Message 604 of 606 | Pre
 
X

xhoster

Gancy said:
Here is the snipet of the perl script, I have perl version v5.8.5 built
for sun4-solaris. I have run this script on thousands of 'c','C++'
headers and source files. Runs smoothly as my new ESTEEM car. But i
have one surce file toke.c in my test case. soon this scripts hits this
file at it dumps.

You are using a highly experimental feature of Perl. I guess the
experiment failed in your case. Can you monitor memory usage and see if it
becomes exorbitant somehwere? Perhaps from excessive nesting of
paranthesis in the toke.c file?

I can't make it coredump with a simple test case below, but it doesn't
seem to give the right answer, either. It seems like it should always
matche the outermost set of parenthesis, but it doesn't:

my $re = qr{\((?:(?>[^()]+)|(??{$re}))*\)};
my $x='(j)';
foreach (1..10) {
print "Starting loop $_ $x\n";
print "matched $1\n" if $x=~/($re)/;
$x = "($x)";
};
__END__
Starting loop 1 (j)
matched (j)
Starting loop 2 ((j))
matched ((j))
Starting loop 3 (((j)))
matched ((j))
Starting loop 4 ((((j))))
matched ((j))
Starting loop 5 (((((j)))))
matched ((j))
Starting loop 6 ((((((j))))))
matched ((j))
Starting loop 7 (((((((j)))))))
matched ((j))
Starting loop 8 ((((((((j))))))))
matched ((j))

Xho
 
X

xhoster

Gancy said:
Here is the snipet of the perl script, I have perl version v5.8.5 built
for sun4-solaris. I have run this script on thousands of 'c','C++'
headers and source files. Runs smoothly as my new ESTEEM car. But i
have one surce file toke.c in my test case. soon this scripts hits this
file at it dumps.

Is this feature still considered highly experimental in 5.8.5? I guess the
experiment failed in your case. Can you monitor memory usage and see if it
becomes exorbitant somehwere?

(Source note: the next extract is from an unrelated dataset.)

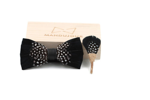 Make a bold statement with the Quisqueya Black Polka Dot Goose Feather Bow Tie & Lapel Pin Set from Mandujour.

Perhaps from excessive nesting of
paranthesis in the toke.c file?

I can't make it coredump with a simple test case below, but it doesn't
seem to give the right answer, either. It seems like it should always
matche the outermost set of parenthesis, but it doesn't:

(I should mention, I'm using 5.8.0)

my $re = qr{\((?:(?>[^()]+)|(??{$re}))*\)};
my $x='(j)';
foreach (1..10) {
print "Starting loop $_ $x\n";
print "matched $1\n" if $x=~/($re)/;
$x = "($x)";
};
__END__
Starting loop 1 (j)
matched (j)
Starting loop 2 ((j))
matched ((j))
Starting loop 3 (((j)))
matched ((j))
Starting loop 4 ((((j))))
matched ((j))
Starting loop 5 (((((j)))))
matched ((j))
Starting loop 6 ((((((j))))))
matched ((j))
Starting loop 7 (((((((j)))))))
matched ((j))
Starting loop 8 ((((((((j))))))))
matched ((j))

Xho
 
A

Anno Siegel

Is this feature still considered highly experimental in 5.8.5? I guess the
experiment failed in your case. Can you monitor memory usage and see if it
becomes exorbitant somehwere? Perhaps from excessive nesting of
paranthesis in the toke.c file?

I can't make it coredump with a simple test case below, but it doesn't

[...]

I have replied to this in the other thread the OP started about it. To
summarize: It does indeed segfault with toke.c from the perl source
(v5.8.6) as the input. The reason is simple: The recursive regex goes
into deep recursion. Perl doesn't warn about that, that's the bug, if
there is one. Otherwise, it's just that the regex is broken.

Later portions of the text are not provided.